Transcription factors as molecular targets

Basic concepts of target protein “druggability”

Over the last two decades, drug discovery research has been transitioning from searching for compounds active against diseases but with unknown targets to screening for specific inhibitors of disease-relevant proteins [54]. The basic concept of target druggability was coined in 2002 by Hopkins and Groom and mostly remains an empirical issue, constantly reassessed with each new attempt to find drugs [3].
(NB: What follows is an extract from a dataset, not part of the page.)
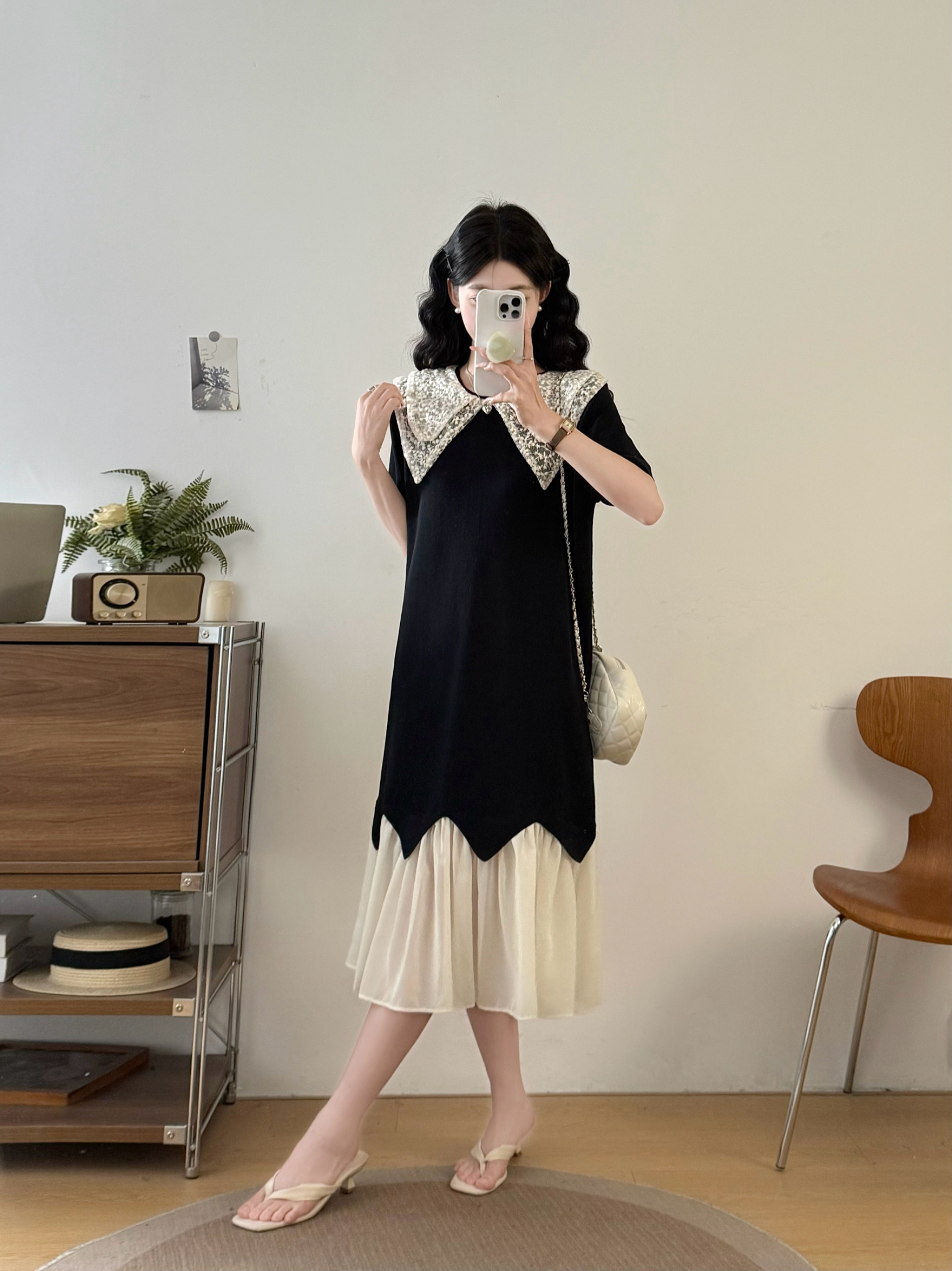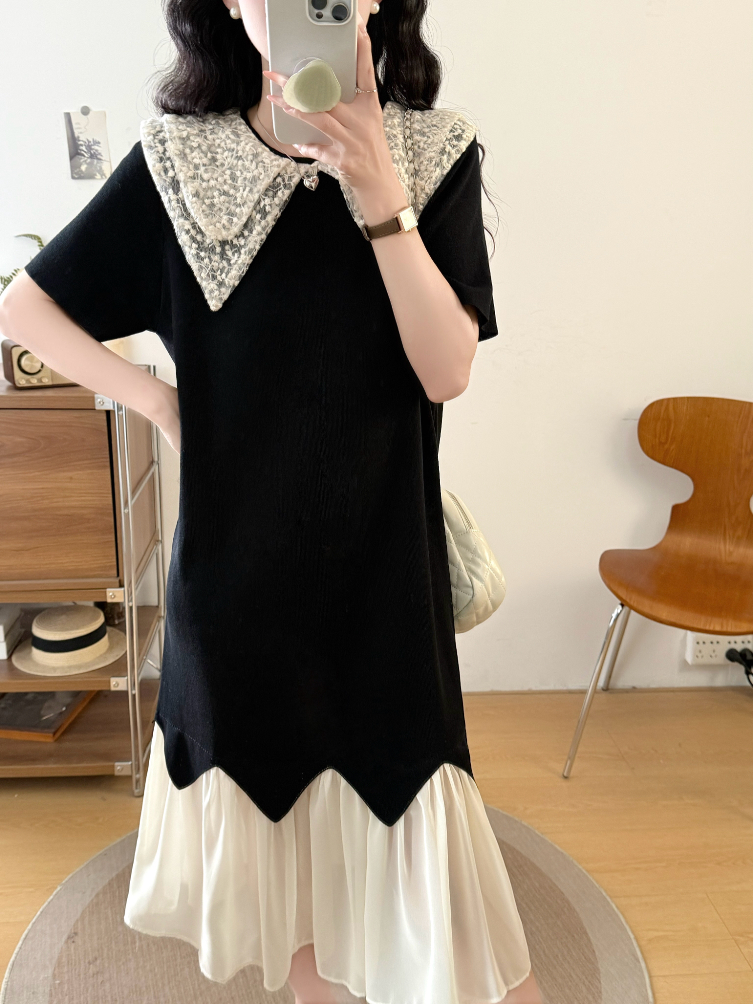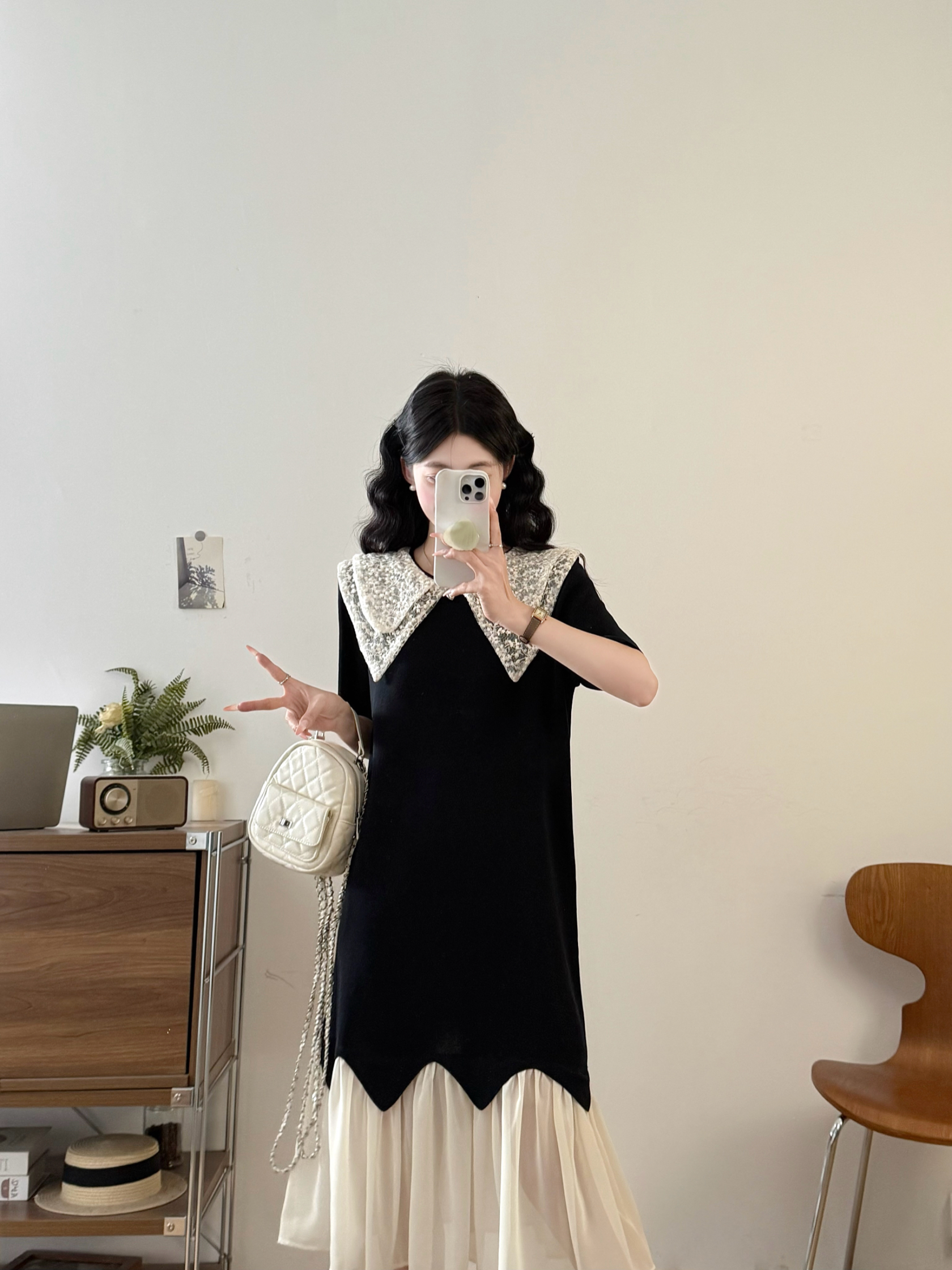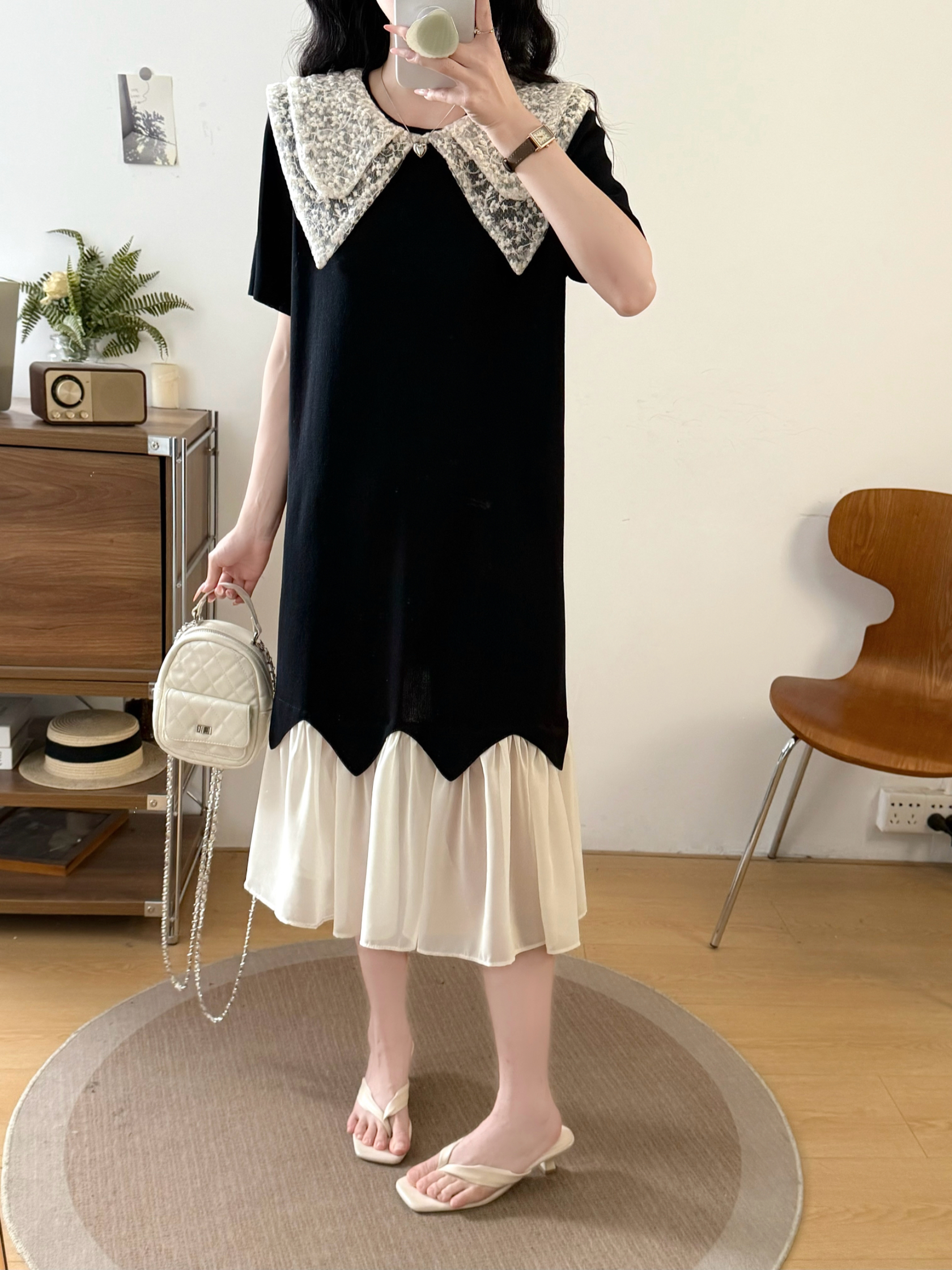 RY2596# 实拍大码女装黑白拼接双层娃娃领针织衫长款过膝显瘦减龄连衣裙

All drugs currently available on the market target less than 500 proteins, of both pathogen and human host origins. More than 50% of these drugs target three types of proteins only, class I G protein-coupled receptors (GPCR; 27%), nuclear receptors (13%), and ion channels (13%) [55,56]. Advantageous physicochemical properties for drug binding can be estimated for any disease-relevant protein: simply put, the presence of a deep hydrophobic pocket that is large enough to allow for high-affinity binding of a drug-like molecule, in turn, able to modulate the target’s “activity” [57]. To some extent, off-target adverse effects can also be predicted based on the same binding site characteristics, as well as knowledge accumulated from decades of clinical trials and emerging inter-disciplinary systems biology [58]. Other, less tangible aspects of druggability are much harder to predict, including any “experimental hurdles” and unforeseen adverse effects, until trialed [57].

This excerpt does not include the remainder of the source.